Exercise instructions: Retype only what runs from the first line of the records to the line with "Una de las mesas electorales de Carballo.", inclusive, and no pictures.
============================================================
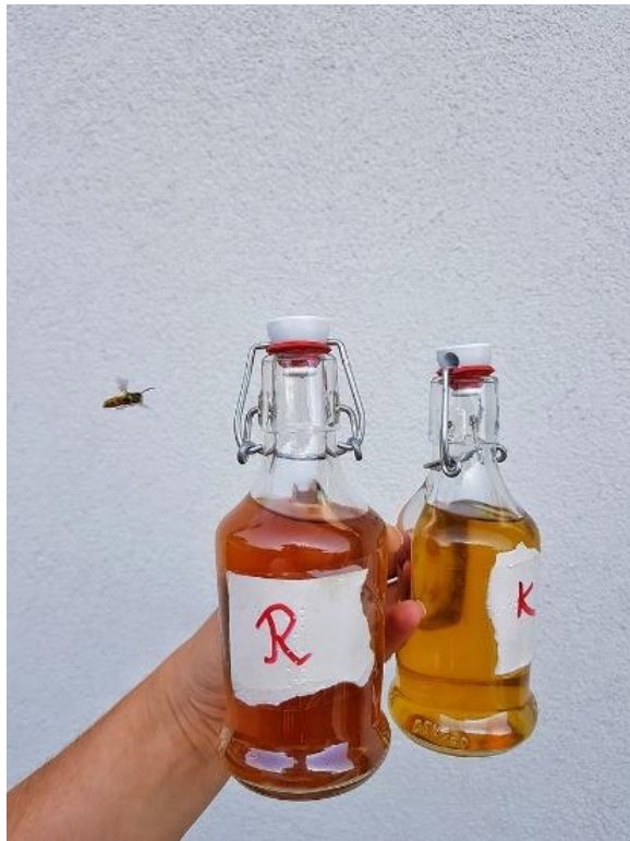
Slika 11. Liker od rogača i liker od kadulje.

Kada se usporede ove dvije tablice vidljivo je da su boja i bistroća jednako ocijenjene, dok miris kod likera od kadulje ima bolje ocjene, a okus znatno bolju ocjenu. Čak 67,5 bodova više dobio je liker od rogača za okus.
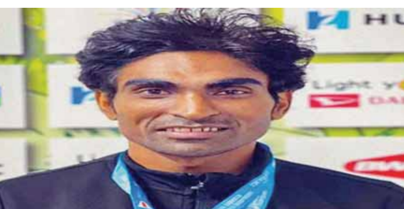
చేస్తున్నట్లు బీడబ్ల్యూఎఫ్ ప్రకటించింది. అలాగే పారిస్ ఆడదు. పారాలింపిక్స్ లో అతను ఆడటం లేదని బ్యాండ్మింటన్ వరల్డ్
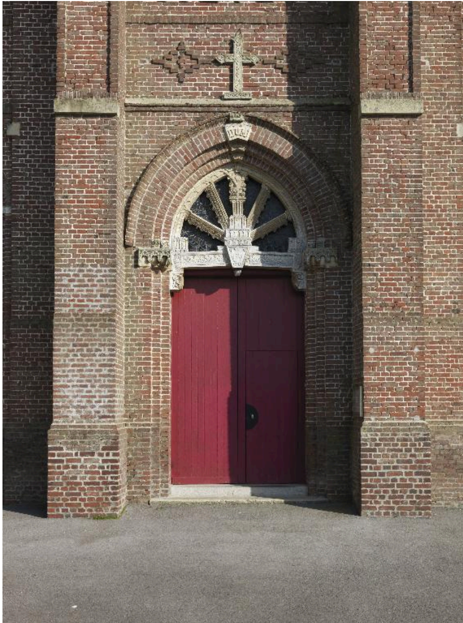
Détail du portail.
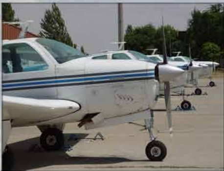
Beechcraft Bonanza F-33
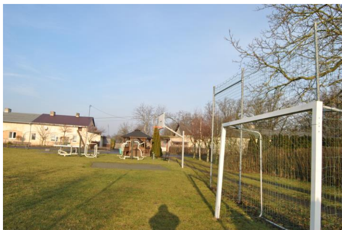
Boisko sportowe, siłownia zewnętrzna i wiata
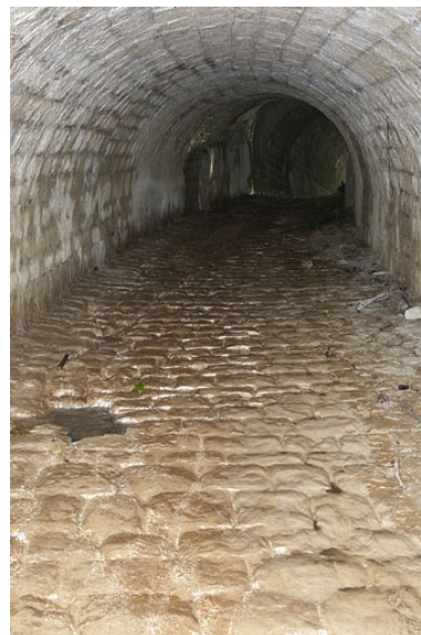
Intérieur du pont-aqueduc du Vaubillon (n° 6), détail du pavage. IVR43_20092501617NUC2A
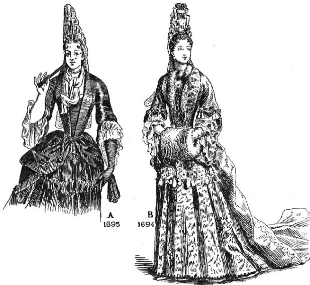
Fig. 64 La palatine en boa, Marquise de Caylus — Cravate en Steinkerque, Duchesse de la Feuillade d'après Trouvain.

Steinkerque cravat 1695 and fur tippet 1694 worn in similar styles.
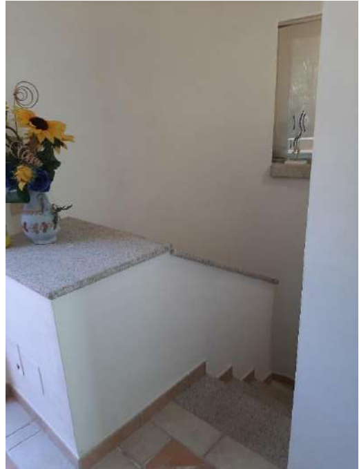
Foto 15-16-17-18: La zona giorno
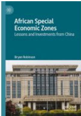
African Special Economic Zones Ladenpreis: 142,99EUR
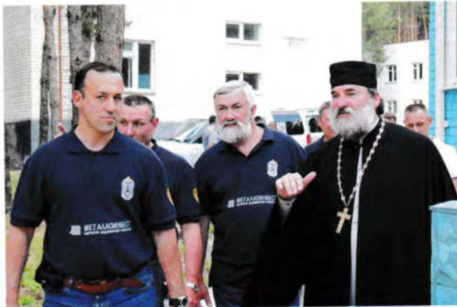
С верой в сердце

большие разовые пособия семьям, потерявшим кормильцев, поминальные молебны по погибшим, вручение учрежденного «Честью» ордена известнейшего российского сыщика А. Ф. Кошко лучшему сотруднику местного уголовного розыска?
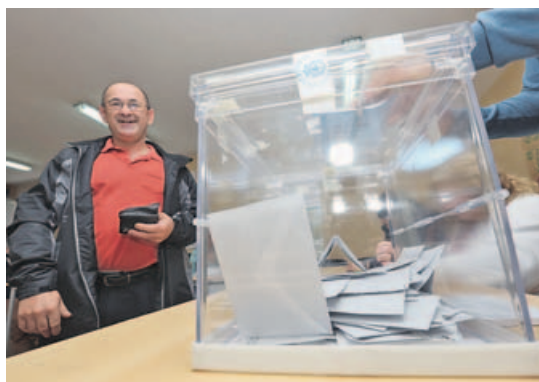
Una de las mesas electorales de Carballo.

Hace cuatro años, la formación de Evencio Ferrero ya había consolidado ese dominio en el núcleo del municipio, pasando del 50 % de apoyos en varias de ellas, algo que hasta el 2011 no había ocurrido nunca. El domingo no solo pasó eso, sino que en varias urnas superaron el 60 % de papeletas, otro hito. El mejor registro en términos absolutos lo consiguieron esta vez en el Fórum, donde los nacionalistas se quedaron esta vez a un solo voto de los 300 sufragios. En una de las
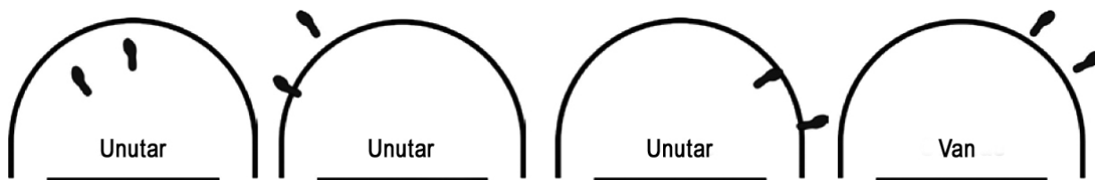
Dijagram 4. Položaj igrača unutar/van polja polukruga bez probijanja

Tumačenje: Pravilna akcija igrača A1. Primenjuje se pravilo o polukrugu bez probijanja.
============================================================
Problem solution:
Slika 11. Liker od rogača i liker od kadulje.

Kada se usporede ove dvije tablice vidljivo je da su boja i bistroća jednako ocijenjene, dok miris kod likera od kadulje ima bolje ocjene, a okus znatno bolju ocjenu. Čak 67,5 bodova više dobio je liker od rogača za okus.
చేస్తున్నట్లు బీడబ్ల్యూఎఫ్ ప్రకటించింది. అలాగే పారిస్ ఆడదు. పారాలింపిక్స్ లో అతను ఆడటం లేదని బ్యాండ్మింటన్ వరల్డ్
Détail du portail.
Beechcraft Bonanza F-33
Boisko sportowe, siłownia zewnętrzna i wiata
Intérieur du pont-aqueduc du Vaubillon (n° 6), détail du pavage. IVR43_20092501617NUC2A
Fig. 64 La palatine en boa, Marquise de Caylus — Cravate en Steinkerque, Duchesse de la Feuillade d'après Trouvain.

Steinkerque cravat 1695 and fur tippet 1694 worn in similar styles.
Foto 15-16-17-18: La zona giorno
African Special Economic Zones Ladenpreis: 142,99EUR
С верой в сердце

большие разовые пособия семьям, потерявшим кормильцев, поминальные молебны по погибшим, вручение учрежденного «Честью» ордена известнейшего российского сыщика А. Ф. Кошко лучшему сотруднику местного уголовного розыска?
Una de las mesas electorales de Carballo.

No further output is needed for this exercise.